Normative references and standards

Regulations and standards define terminology and best practices, even though they do not set hard thresholds for ε and δ.

  • GDPR (EU) 2016/679, Recital 26 - definition of anonymous information and the requirement to consider “all means reasonably likely” to identify individuals.
  • WP29 (now EDPB), Opinion 05/2014 on Anonymisation Techniques - classification of techniques and risk assessment criteria.
  • ISO/IEC 20889:2018 - Privacy enhancing data de-identification - terminology and classification of techniques.
  • ISO/IEC 27559:2022 - Privacy enhancing data de-identification framework.
  • NISTIR 8053:2015 - De-Identification of Personal Information - frameworks for evaluating techniques and risks.

Sources and further reading

The following materials provide definitions, composition accounting, and real-world examples in deep learning and public-sector policy.

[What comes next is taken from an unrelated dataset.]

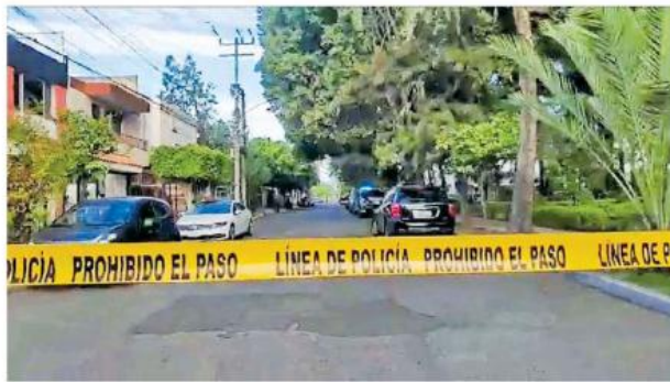
En Jardines de la Cruz una persona que se encontraba haciendo ejercicio se encontró un cuerpo sin vida.

Momentos posteriores, a las 08:50 horas fue localizado un cadáver más, al que se le apreciaban lesiones causadas con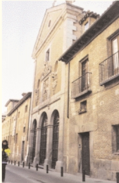
الكنيسة التي دفن فيها ثربانتس

Cuando los musulmanes conquistaron España, fundaron en esta región una guarnición militar que denominaron Kalat Abdeslam, rodeada por un profundo río, además del Henares, lo que la hacía inexpugnable y de difícil acceso. Las huellas de esta ciudadela están muy degradadas, apenas si se puede encontrar algo de interés, pues se han transformado en montones de piedras y de tierra, salvo unas pequeñas porciones de muralla y algunas torres derruidas. Las fuentes españolas

  • C. Dwork, F. McSherry, K. Nissim, A. Smith, Calibrating Noise to Sensitivity in Private Data Analysis, TCC 2006 - definition of (ε, δ)-DP.
  • C. Dwork, A. Roth, The Algorithmic Foundations of Differential Privacy, FnT TCS, 2014 - theoretical foundations and composition.
  • M. Abadi et al., Deep Learning with Differential Privacy, CCS 2016 - DP-SGD and moments accountant.
  • I. Mironov, Rényi Differential Privacy, IEEE S&P 2017 - RDP and accounting.
  • N. Papernot et al., Semi-supervised Knowledge Transfer for Deep Learning from Private Training Data (PATE), ICLR 2017/2018.
  • US Census Bureau, Disclosure Avoidance System for the 2020 Census, parameter selection (ε = 12.2 for redistricting data), 2021 - technical documentation.
  • WICG/Chromium, Privacy Sandbox - discussions on “privacy budget” in browsers (a concept distinct from DP).